Case ID: f-appx_599/html/0298-01.html
Source: Caselaw Access Project
Author: {"author": "", "license": "Public Domain", "url": "https://static.case.law/"}
Date Created: 2024-08-24T03:29:51.129683

UNITED STATES of America, Plaintiff-Appellee, v. Denise BROWNING, Defendant-Appellant.
    No. 13-50111.
    United States Court of Appeals, Ninth Circuit.
    Argued and Submitted Feb. 4, 2015.
    Filed March 20, 2015.
    Jean-CIaude Andre, Assistant U.S., Thomas D. Coker, Esquire, Assistant U.S., USLA-Office of the U.S. Attorney, Los Angeles, CA, for Plaintiff-Appellee.
    Jeff Dominic Price, Santa Monica, CA, for Defendant-Appellant.
    Before: KLEINFELD and NGUYEN, Circuit Judges, and CARR, Senior District Judge.
    
    
      
       The Honorable James G. Carr, Senior United States District Judge for the Northern District of Ohio, sitting by designation.
    
   MEMORANDUM

Defendant Denise Browning appeals her conviction and sentence for willfully aiding or assisting in the filing of false tax returns, in violation of 26 U.S.C. § 7206(2). We have jurisdiction under 28 U.S.C. § 1291 and 18 U.S.C. § 3742(a). For the reasons stated below, we affirm the conviction, but vacate the sentence and remand for resentencing.

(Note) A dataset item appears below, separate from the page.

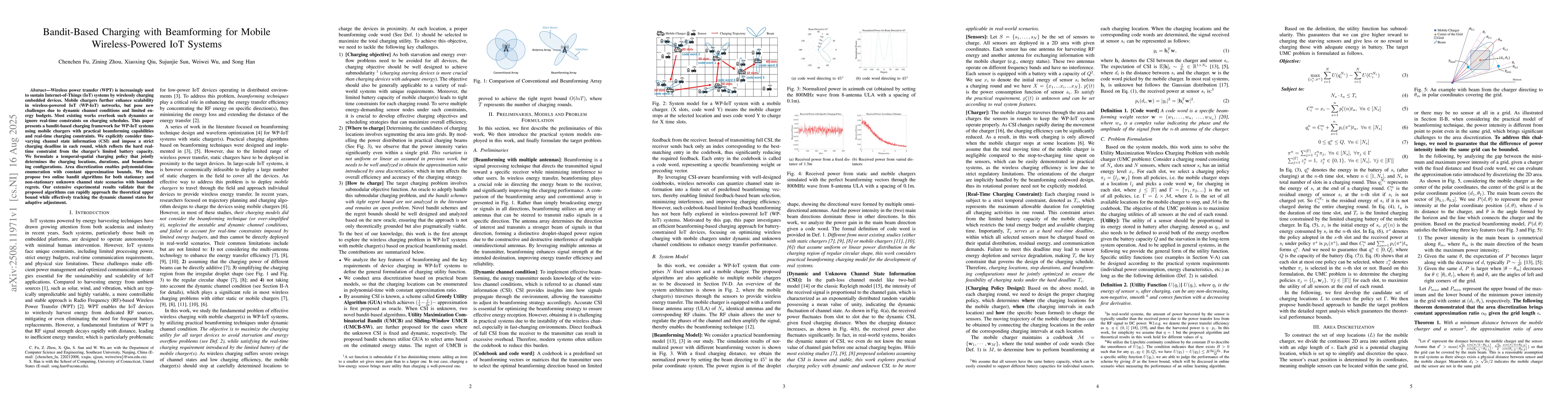 Wireless power transfer (WPT) is increasingly used to sustain Internet-of-Things (IoT) systems by wirelessly charging embedded devices. Mobile chargers further enhance scalability in wireless-powered IoT (WP-IoT) networks, but pose new challenges due to dynamic channel conditions and limited energy budgets. Most existing works overlook such dynamics or ignore real-time constraints on charging schedules. This paper presents a bandit-based charging framework for WP-IoT systems using mobile chargers with practical beamforming capabilities and real-time charging constraints. We explicitly consider time-varying channel state information (CSI) and impose a strict charging deadline in each round, which reflects the hard real-time constraint from the charger's limited battery capacity. We formulate a temporal-spatial charging policy that jointly determines the charging locations, durations, and beamforming configurations. Area discretization enables polynomial-time enumeration with constant approximation bounds. We then propose two online bandit algorithms for both stationary and non-stationary unknown channel state scenarios with bounded regrets. Our extensive experimental results validate that the proposed algorithms can rapidly approach the theoretical upper bound while effectively tracking the dynamic channel states for adaptive adjustment.

1. Sufficient evidence supports Defendant’s conviction. The evidence, viewed in the light most favorable to the government, Jackson v. Virginia, 443 U.S. 307, 319, 99 S.Ct. 2781, 61 L.Ed.2d 560 (1979), demonstrates that Defendant willfully prepared false tax returns. For example, instead of reporting the actual amount of wages paid to employees, Defendant only reported the wage amount that matched the amount of taxes the company already paid.

In 2005, during an interview with an IRS agent, Defendant acknowledged that the wages she reported on the returns should match those reported on the employees’ W-2s. Nevertheless, on a subsequent return, she again underreported the wages paid to employees. Defendant refused to sign the returns because she did not want to sign something under penalty of perjury that she knew was false. Further, the jury viewed email correspondence between Defendant and her boss in which Defendant asked if she should file certain returns “as is, totally legit.”

Finally, at trial, Defendant admitted she knew the numbers she wrote on the returns were false. The jury, based on the evidence before it, reasonably rejected Defendant’s good-faith defense that she relied on an IRS provision which she believed allowed her to file the false returns if she later amended them.

2. As the government correctly concedes, in light of United States v. Castro-Ponce, 770 F.3d 819 (9th Cir.2014), we must vacate and remand for resentencing. The district court imposed a two-level increase in Defendant’s offense level pursuant to U.S.S.G. § 3C1.1 on the ground that Defendant committed perjury, but failed to explicitly make findings as to perjury’s three elements. On remand, the district court must consider each element in deciding whether to impose the enhancement.

AFFIRMED IN PART, VACATED IN PART, AND REMANDED. 
      
       This disposition is not appropriate for publication and is not precedent except as provided by 9th Cir. R. 36-3.